**What to do**. Go to the line with "Bring the profound" in the material below and copy from there through the line with "Чрезвычайная ситуация (ЧС)", exactly. Pictures are not copied.

**Records**.
════════════════════
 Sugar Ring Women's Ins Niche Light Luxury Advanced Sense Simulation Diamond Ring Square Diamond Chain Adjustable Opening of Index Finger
════════════════════
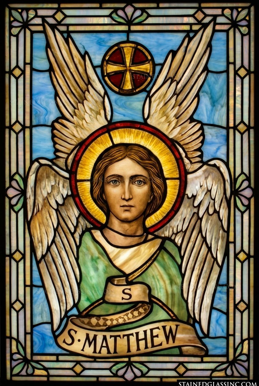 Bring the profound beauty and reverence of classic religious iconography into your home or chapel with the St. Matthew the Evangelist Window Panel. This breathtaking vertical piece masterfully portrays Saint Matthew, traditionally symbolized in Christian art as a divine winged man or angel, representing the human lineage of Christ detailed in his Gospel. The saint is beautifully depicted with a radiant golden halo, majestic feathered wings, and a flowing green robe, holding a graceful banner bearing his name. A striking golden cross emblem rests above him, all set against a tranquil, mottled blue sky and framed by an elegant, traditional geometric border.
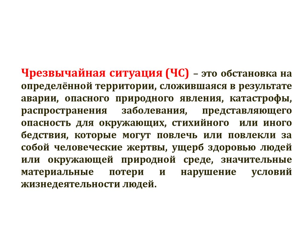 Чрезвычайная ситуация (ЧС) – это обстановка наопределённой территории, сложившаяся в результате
════════════════════
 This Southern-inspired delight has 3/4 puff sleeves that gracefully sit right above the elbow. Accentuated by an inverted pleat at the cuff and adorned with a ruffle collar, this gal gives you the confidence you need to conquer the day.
════════════════════
**Solution for this exercise**.
 Bring the profound beauty and reverence of classic religious iconography into your home or chapel with the St. Matthew the Evangelist Window Panel. This breathtaking vertical piece masterfully portrays Saint Matthew, traditionally symbolized in Christian art as a divine winged man or angel, representing the human lineage of Christ detailed in his Gospel. The saint is beautifully depicted with a radiant golden halo, majestic feathered wings, and a flowing green robe, holding a graceful banner bearing his name. A striking golden cross emblem rests above him, all set against a tranquil, mottled blue sky and framed by an elegant, traditional geometric border.
 Чрезвычайная ситуация (ЧС) – это обстановка наопределённой территории, сложившаяся в результате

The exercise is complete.